(RECORDS TO USE begins)
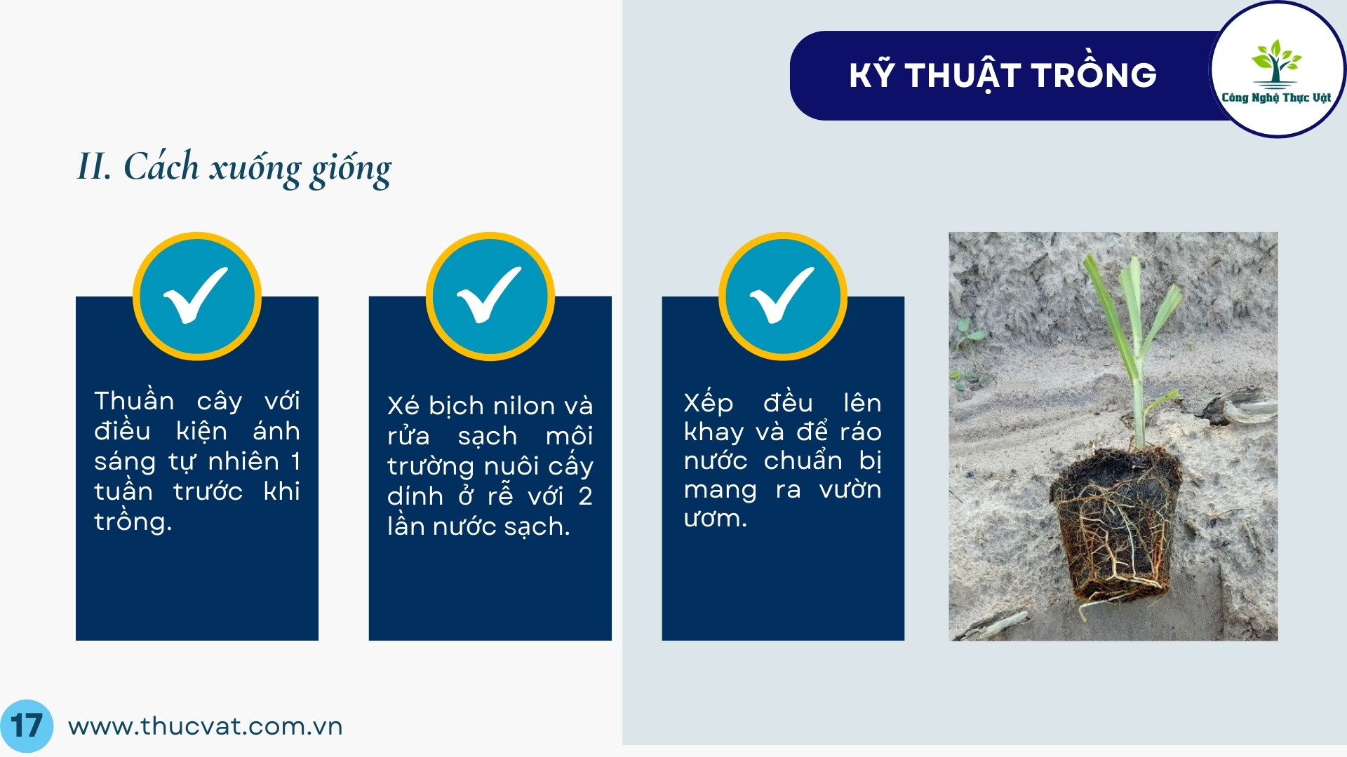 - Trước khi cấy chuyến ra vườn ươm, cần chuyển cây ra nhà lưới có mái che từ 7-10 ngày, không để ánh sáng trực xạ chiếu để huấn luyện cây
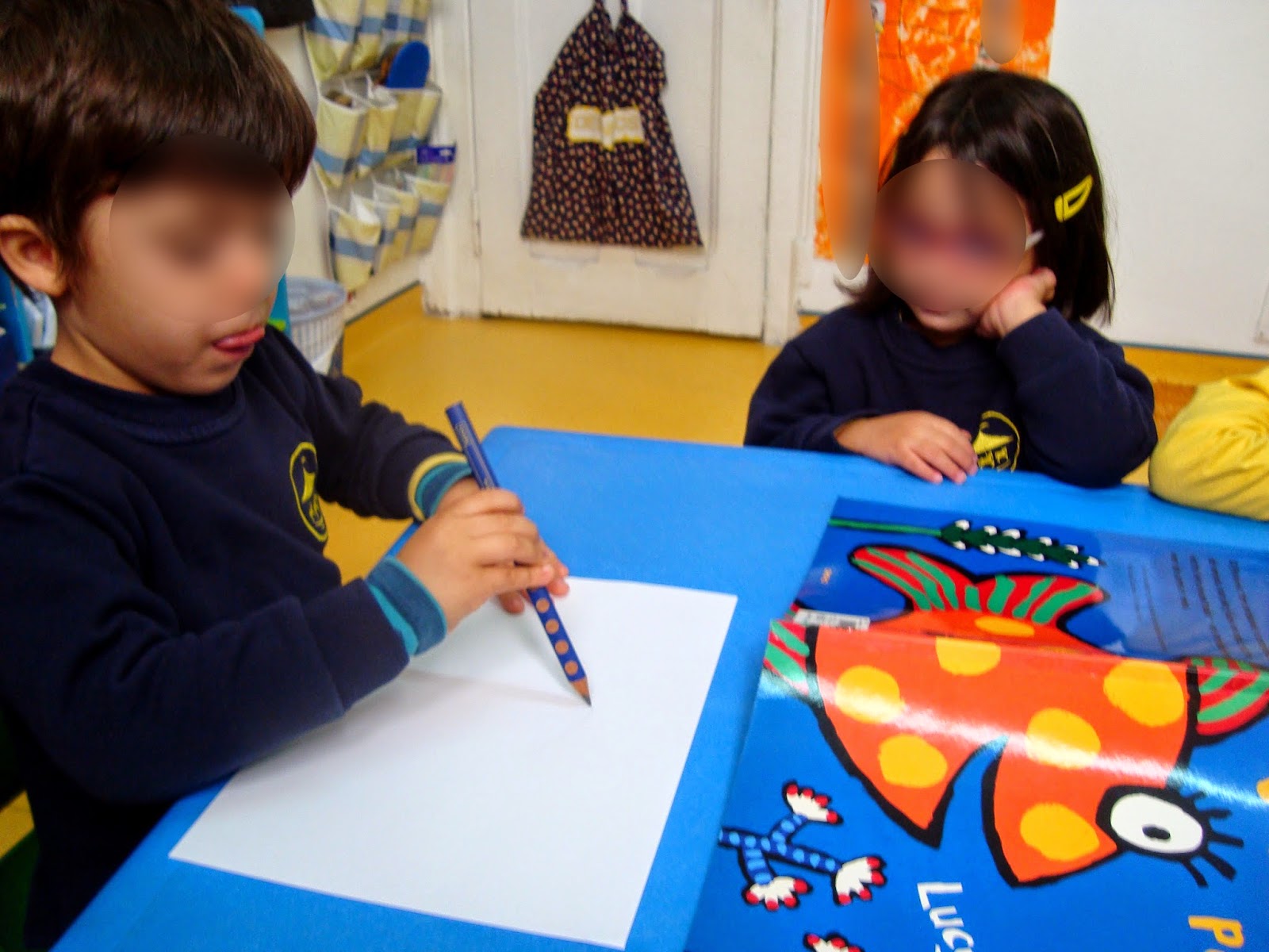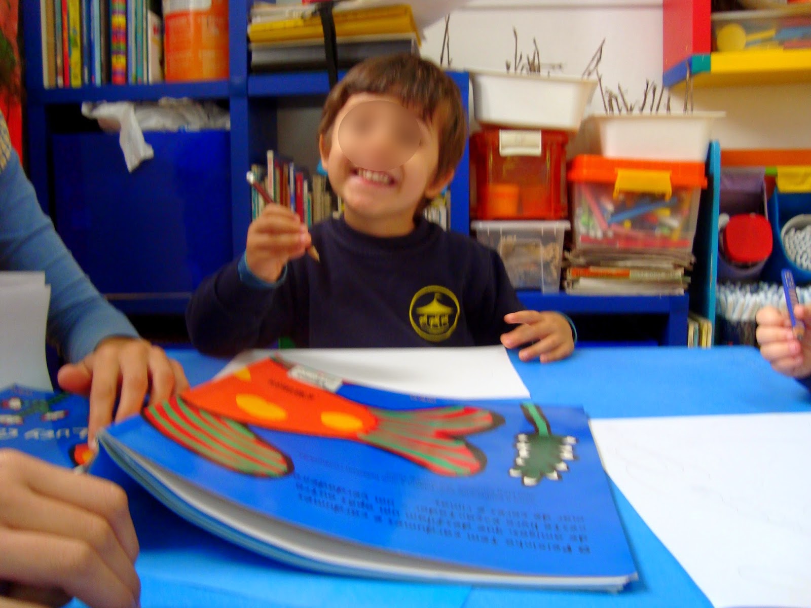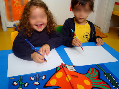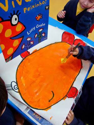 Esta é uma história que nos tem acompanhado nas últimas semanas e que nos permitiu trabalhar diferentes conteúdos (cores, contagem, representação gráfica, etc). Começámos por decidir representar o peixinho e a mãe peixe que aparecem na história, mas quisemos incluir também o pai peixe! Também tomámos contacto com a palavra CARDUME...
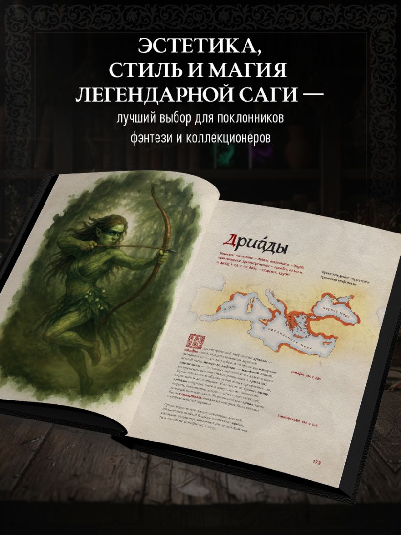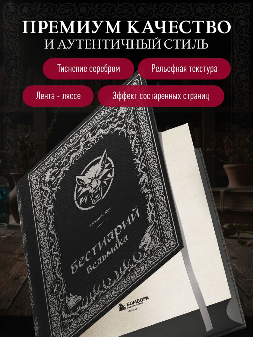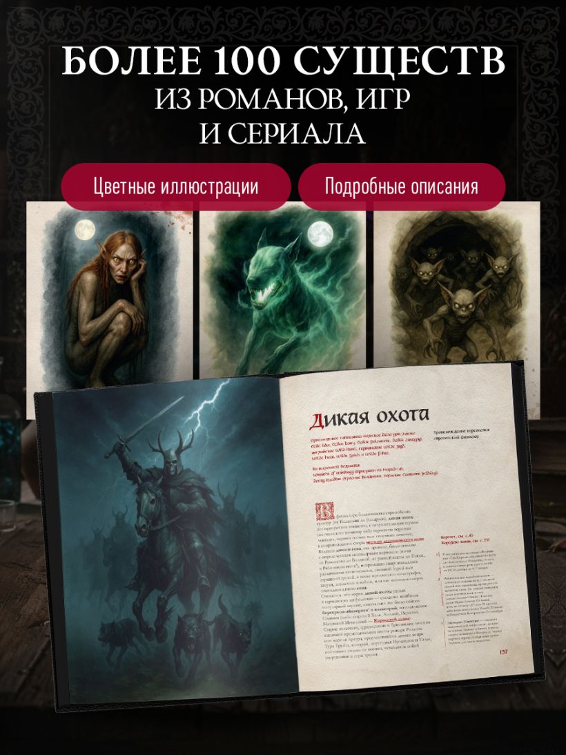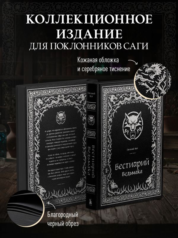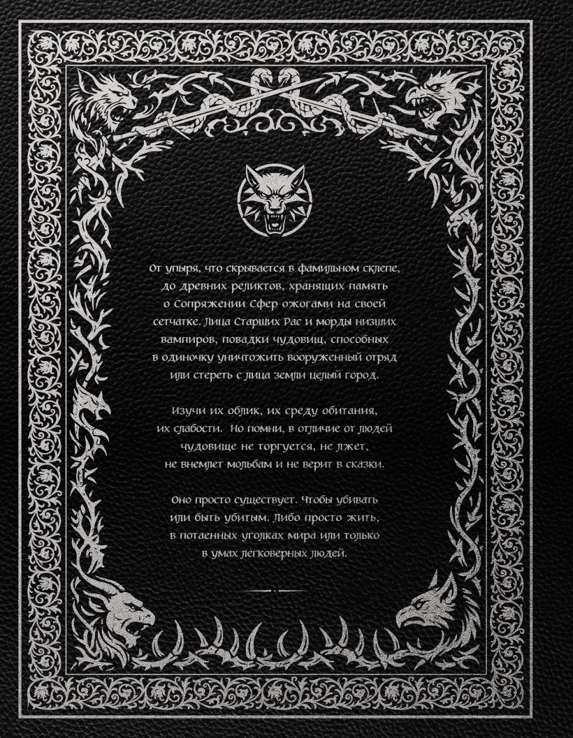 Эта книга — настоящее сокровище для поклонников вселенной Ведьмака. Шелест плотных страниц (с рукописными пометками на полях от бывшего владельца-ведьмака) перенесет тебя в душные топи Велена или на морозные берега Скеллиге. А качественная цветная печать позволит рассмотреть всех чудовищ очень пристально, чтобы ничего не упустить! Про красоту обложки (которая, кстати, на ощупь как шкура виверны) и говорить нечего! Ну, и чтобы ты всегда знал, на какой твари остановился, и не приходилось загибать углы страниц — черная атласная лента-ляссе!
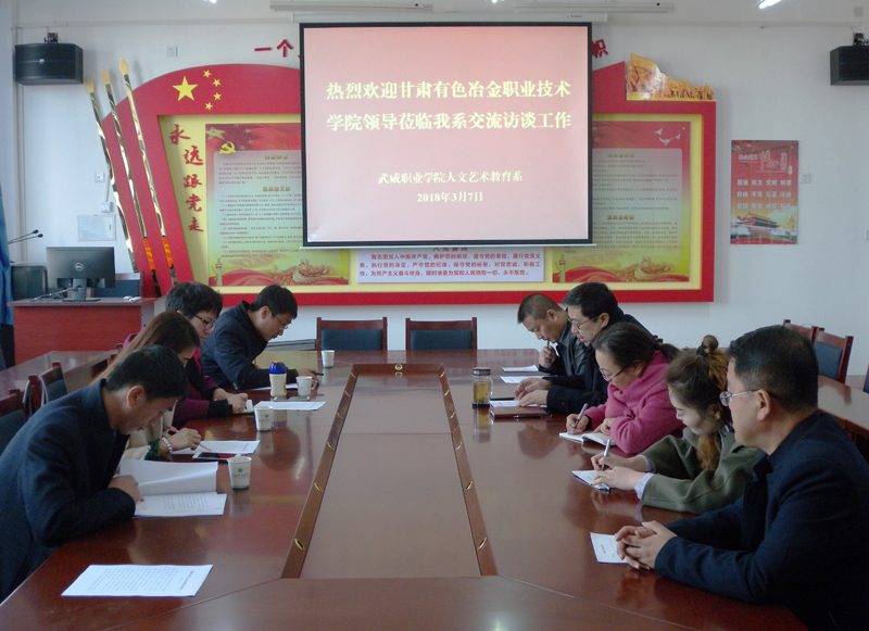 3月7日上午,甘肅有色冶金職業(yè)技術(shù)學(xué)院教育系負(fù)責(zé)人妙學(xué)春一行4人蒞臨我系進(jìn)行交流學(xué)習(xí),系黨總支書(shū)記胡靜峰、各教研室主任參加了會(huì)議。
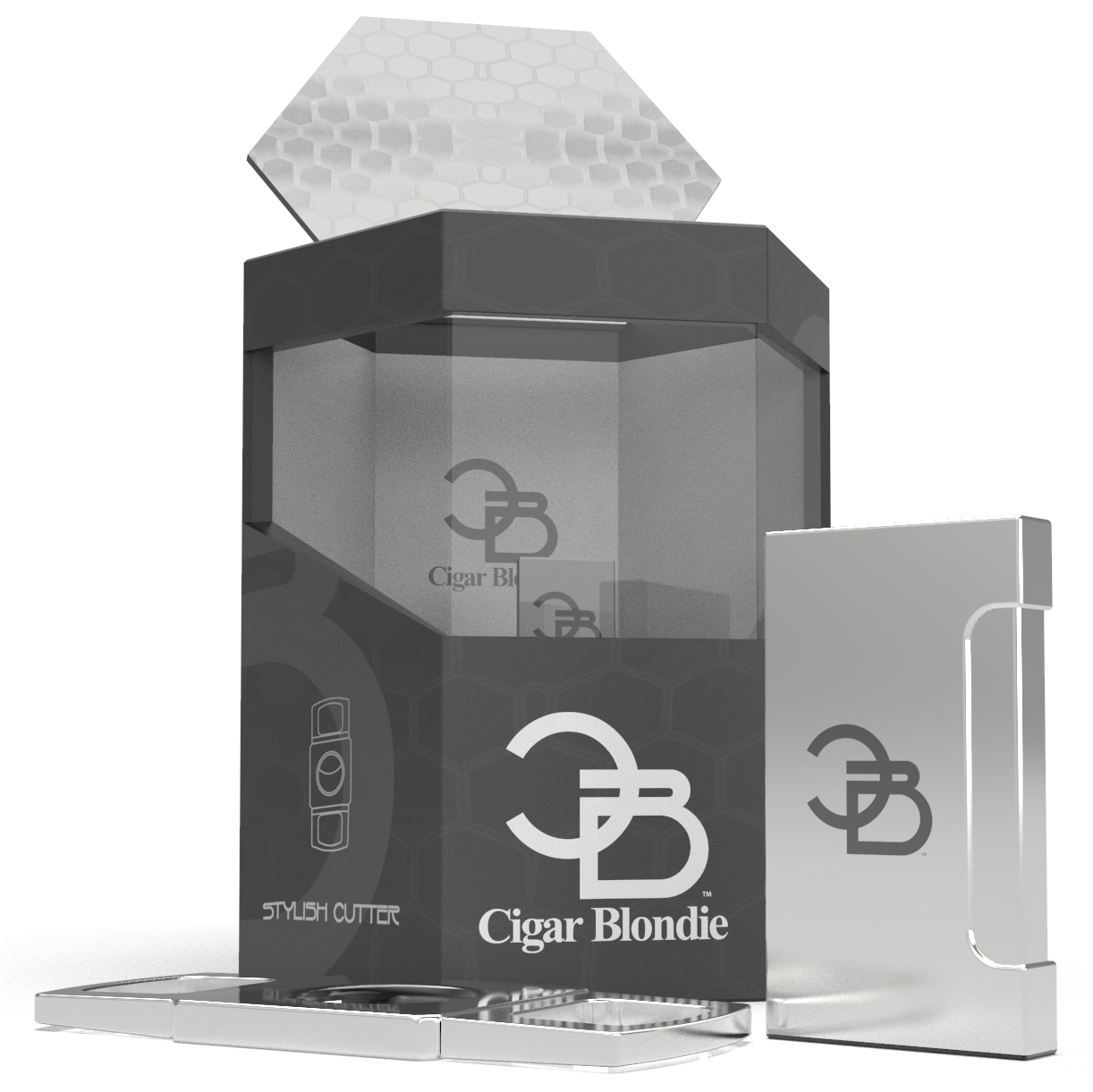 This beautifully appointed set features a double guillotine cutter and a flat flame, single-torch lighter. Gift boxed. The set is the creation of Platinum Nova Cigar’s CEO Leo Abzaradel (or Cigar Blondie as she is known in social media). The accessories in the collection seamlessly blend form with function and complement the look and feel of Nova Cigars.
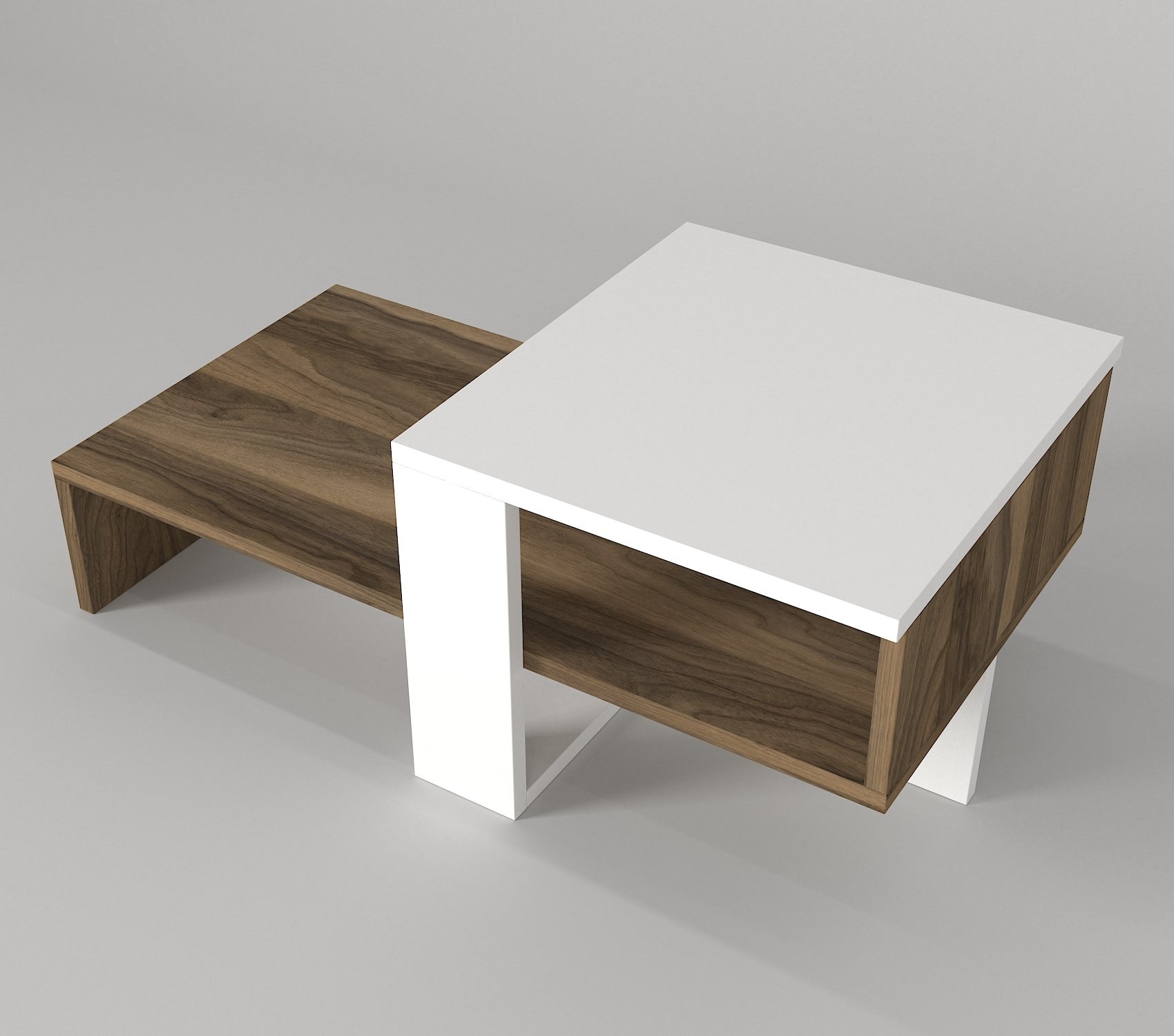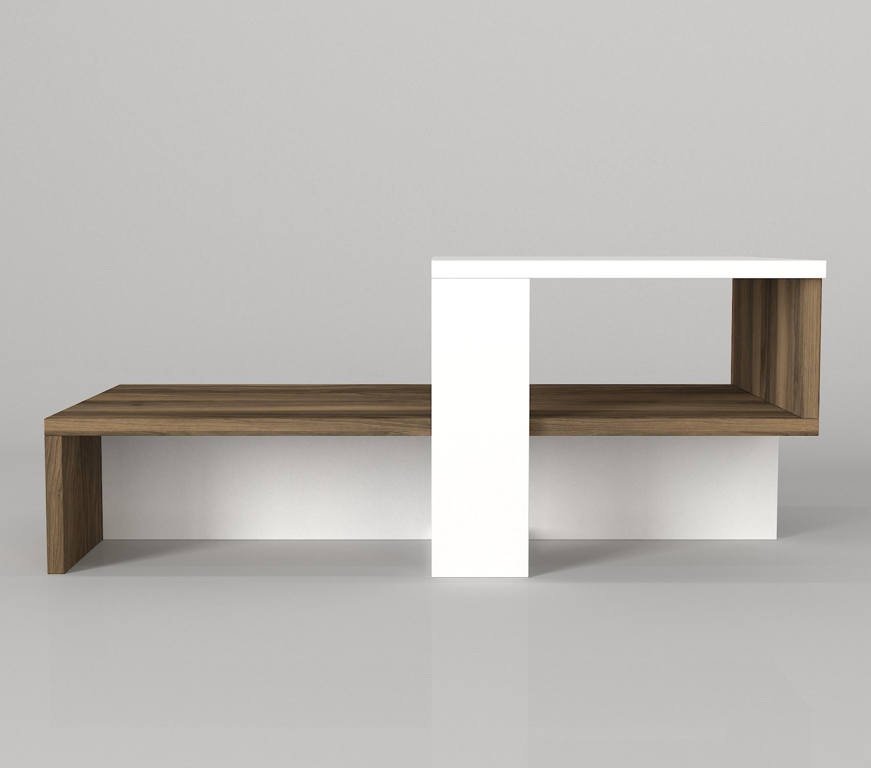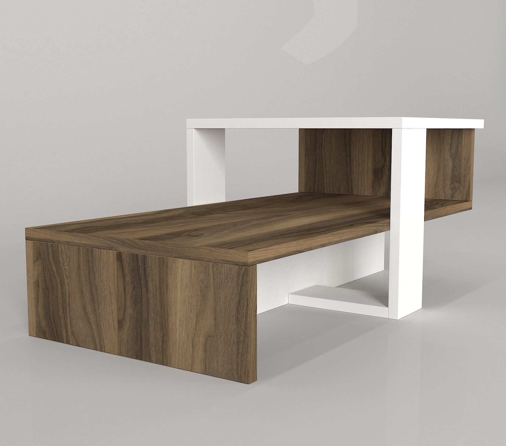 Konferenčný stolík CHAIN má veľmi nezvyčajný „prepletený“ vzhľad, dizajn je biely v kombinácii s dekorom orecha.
(RECORDS TO USE ends)
» PROBLEM TO SOLVE
Every entry above should come back exactly as written, except for its pictures.

» COMPLETED TASK
 - Trước khi cấy chuyến ra vườn ươm, cần chuyển cây ra nhà lưới có mái che từ 7-10 ngày, không để ánh sáng trực xạ chiếu để huấn luyện cây
 Esta é uma história que nos tem acompanhado nas últimas semanas e que nos permitiu trabalhar diferentes conteúdos (cores, contagem, representação gráfica, etc). Começámos por decidir representar o peixinho e a mãe peixe que aparecem na história, mas quisemos incluir também o pai peixe! Também tomámos contacto com a palavra CARDUME...
 Эта книга — настоящее сокровище для поклонников вселенной Ведьмака. Шелест плотных страниц (с рукописными пометками на полях от бывшего владельца-ведьмака) перенесет тебя в душные топи Велена или на морозные берега Скеллиге. А качественная цветная печать позволит рассмотреть всех чудовищ очень пристально, чтобы ничего не упустить! Про красоту обложки (которая, кстати, на ощупь как шкура виверны) и говорить нечего! Ну, и чтобы ты всегда знал, на какой твари остановился, и не приходилось загибать углы страниц — черная атласная лента-ляссе!
 3月7日上午,甘肅有色冶金職業(yè)技術(shù)學(xué)院教育系負(fù)責(zé)人妙學(xué)春一行4人蒞臨我系進(jìn)行交流學(xué)習(xí),系黨總支書(shū)記胡靜峰、各教研室主任參加了會(huì)議。
 This beautifully appointed set features a double guillotine cutter and a flat flame, single-torch lighter. Gift boxed. The set is the creation of Platinum Nova Cigar’s CEO Leo Abzaradel (or Cigar Blondie as she is known in social media). The accessories in the collection seamlessly blend form with function and complement the look and feel of Nova Cigars.
 Konferenčný stolík CHAIN má veľmi nezvyčajný „prepletený“ vzhľad, dizajn je biely v kombinácii s dekorom orecha.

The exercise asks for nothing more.